Records for this task below:

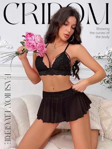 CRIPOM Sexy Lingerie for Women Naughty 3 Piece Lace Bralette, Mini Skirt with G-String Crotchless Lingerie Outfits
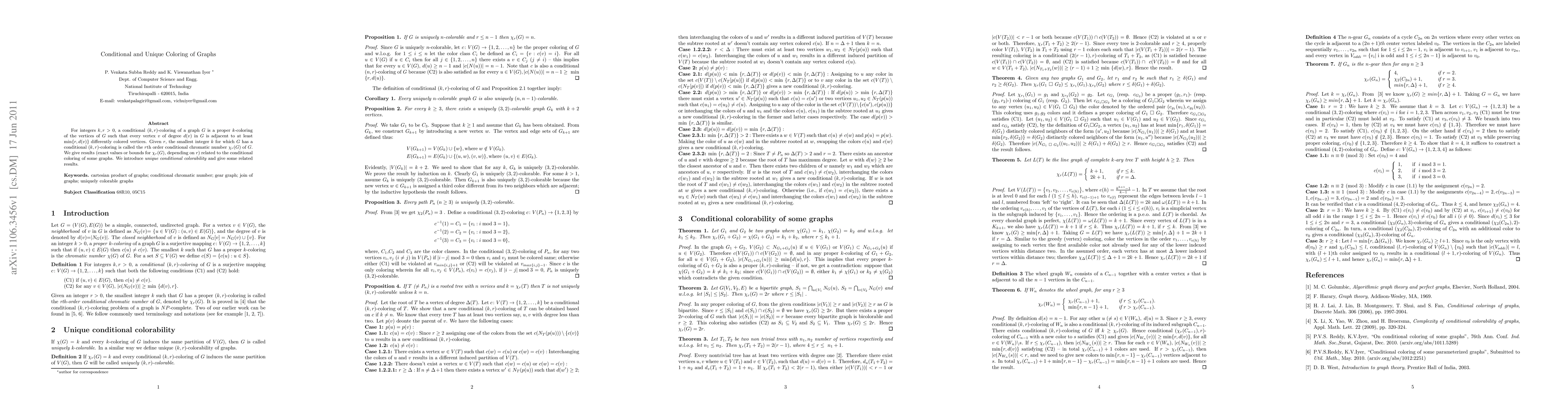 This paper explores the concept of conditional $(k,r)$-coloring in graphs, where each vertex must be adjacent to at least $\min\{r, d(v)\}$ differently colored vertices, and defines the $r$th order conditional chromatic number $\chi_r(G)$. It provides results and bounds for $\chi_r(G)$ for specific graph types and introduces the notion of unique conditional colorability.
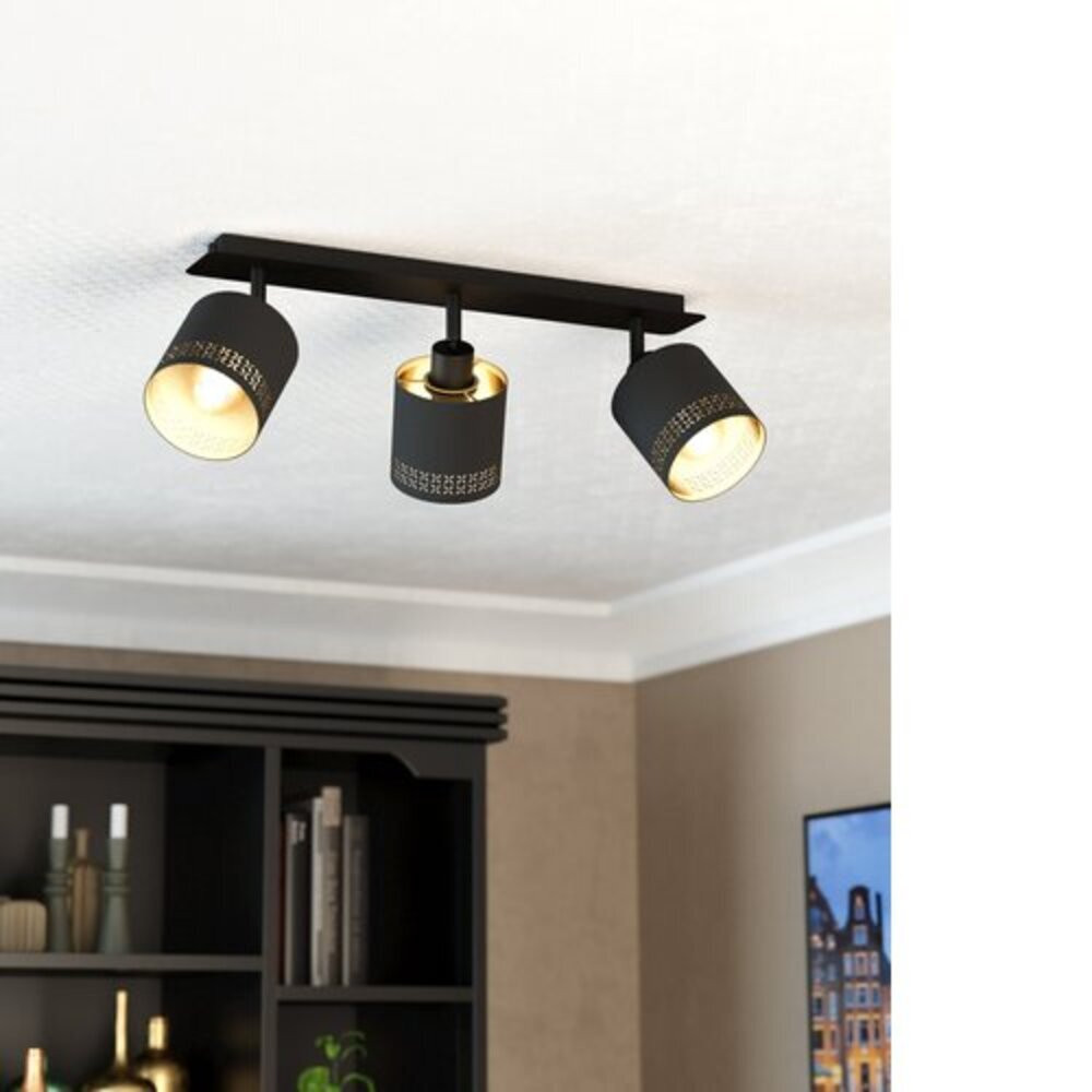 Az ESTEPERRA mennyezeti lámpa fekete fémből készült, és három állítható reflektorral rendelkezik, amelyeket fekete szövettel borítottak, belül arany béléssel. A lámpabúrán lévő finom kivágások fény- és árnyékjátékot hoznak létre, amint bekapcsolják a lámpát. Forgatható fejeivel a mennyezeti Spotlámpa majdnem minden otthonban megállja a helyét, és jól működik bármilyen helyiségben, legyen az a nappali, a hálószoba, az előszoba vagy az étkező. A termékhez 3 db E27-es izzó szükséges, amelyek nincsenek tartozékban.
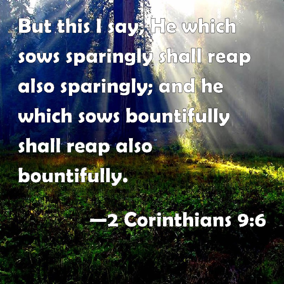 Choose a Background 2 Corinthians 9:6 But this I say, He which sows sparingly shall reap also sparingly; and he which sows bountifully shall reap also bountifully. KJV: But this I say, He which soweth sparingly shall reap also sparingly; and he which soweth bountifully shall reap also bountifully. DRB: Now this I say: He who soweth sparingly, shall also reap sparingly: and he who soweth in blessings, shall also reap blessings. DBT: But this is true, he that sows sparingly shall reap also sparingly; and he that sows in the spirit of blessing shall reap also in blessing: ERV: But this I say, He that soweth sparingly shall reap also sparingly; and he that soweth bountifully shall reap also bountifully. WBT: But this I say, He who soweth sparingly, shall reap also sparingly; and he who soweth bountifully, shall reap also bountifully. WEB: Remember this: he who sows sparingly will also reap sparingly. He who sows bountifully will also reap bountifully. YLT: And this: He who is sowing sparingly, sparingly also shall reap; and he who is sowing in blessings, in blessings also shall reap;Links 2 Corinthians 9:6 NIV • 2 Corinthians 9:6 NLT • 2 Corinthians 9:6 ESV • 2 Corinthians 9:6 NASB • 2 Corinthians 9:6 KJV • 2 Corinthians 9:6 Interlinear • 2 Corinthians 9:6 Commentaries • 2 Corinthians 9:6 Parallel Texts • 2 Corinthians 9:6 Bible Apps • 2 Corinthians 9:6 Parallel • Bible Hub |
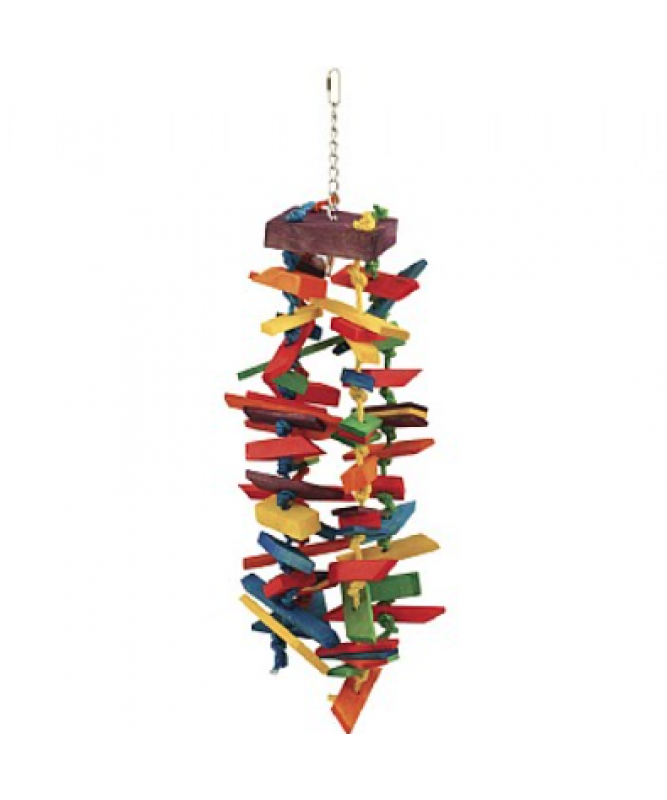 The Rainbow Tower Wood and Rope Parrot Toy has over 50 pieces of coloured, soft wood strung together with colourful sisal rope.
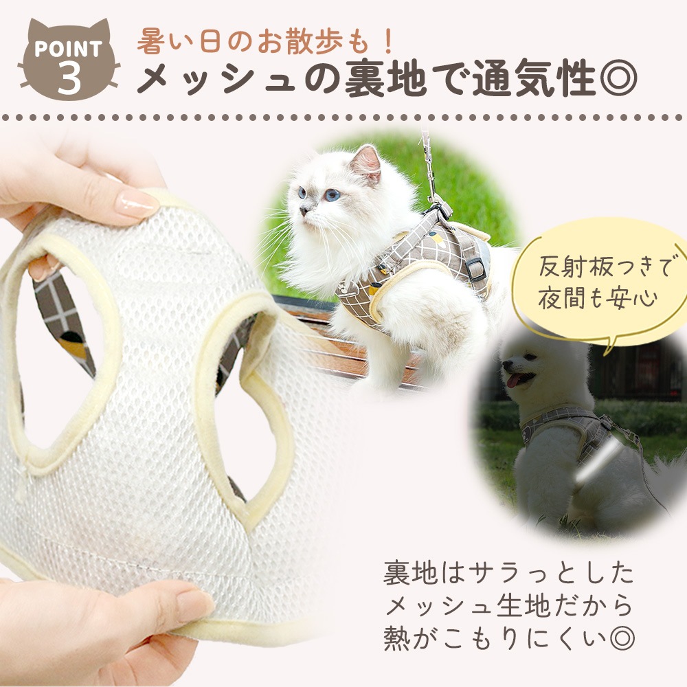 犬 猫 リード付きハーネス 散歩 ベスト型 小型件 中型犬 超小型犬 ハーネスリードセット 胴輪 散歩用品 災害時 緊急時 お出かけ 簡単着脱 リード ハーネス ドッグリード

End of Records for this task.

• [Exercise]: Give every entry again verbatim, with no pictures.

• [Solution for this exercise]:
 CRIPOM Sexy Lingerie for Women Naughty 3 Piece Lace Bralette, Mini Skirt with G-String Crotchless Lingerie Outfits
 This paper explores the concept of conditional $(k,r)$-coloring in graphs, where each vertex must be adjacent to at least $\min\{r, d(v)\}$ differently colored vertices, and defines the $r$th order conditional chromatic number $\chi_r(G)$. It provides results and bounds for $\chi_r(G)$ for specific graph types and introduces the notion of unique conditional colorability.
 Az ESTEPERRA mennyezeti lámpa fekete fémből készült, és három állítható reflektorral rendelkezik, amelyeket fekete szövettel borítottak, belül arany béléssel. A lámpabúrán lévő finom kivágások fény- és árnyékjátékot hoznak létre, amint bekapcsolják a lámpát. Forgatható fejeivel a mennyezeti Spotlámpa majdnem minden otthonban megállja a helyét, és jól működik bármilyen helyiségben, legyen az a nappali, a hálószoba, az előszoba vagy az étkező. A termékhez 3 db E27-es izzó szükséges, amelyek nincsenek tartozékban.
 Choose a Background 2 Corinthians 9:6 But this I say, He which sows sparingly shall reap also sparingly; and he which sows bountifully shall reap also bountifully. KJV: But this I say, He which soweth sparingly shall reap also sparingly; and he which soweth bountifully shall reap also bountifully. DRB: Now this I say: He who soweth sparingly, shall also reap sparingly: and he who soweth in blessings, shall also reap blessings. DBT: But this is true, he that sows sparingly shall reap also sparingly; and he that sows in the spirit of blessing shall reap also in blessing: ERV: But this I say, He that soweth sparingly shall reap also sparingly; and he that soweth bountifully shall reap also bountifully. WBT: But this I say, He who soweth sparingly, shall reap also sparingly; and he who soweth bountifully, shall reap also bountifully. WEB: Remember this: he who sows sparingly will also reap sparingly. He who sows bountifully will also reap bountifully. YLT: And this: He who is sowing sparingly, sparingly also shall reap; and he who is sowing in blessings, in blessings also shall reap;Links 2 Corinthians 9:6 NIV • 2 Corinthians 9:6 NLT • 2 Corinthians 9:6 ESV • 2 Corinthians 9:6 NASB • 2 Corinthians 9:6 KJV • 2 Corinthians 9:6 Interlinear • 2 Corinthians 9:6 Commentaries • 2 Corinthians 9:6 Parallel Texts • 2 Corinthians 9:6 Bible Apps • 2 Corinthians 9:6 Parallel • Bible Hub |
 The Rainbow Tower Wood and Rope Parrot Toy has over 50 pieces of coloured, soft wood strung together with colourful sisal rope.
 犬 猫 リード付きハーネス 散歩 ベスト型 小型件 中型犬 超小型犬 ハーネスリードセット 胴輪 散歩用品 災害時 緊急時 お出かけ 簡単着脱 リード ハーネス ドッグリード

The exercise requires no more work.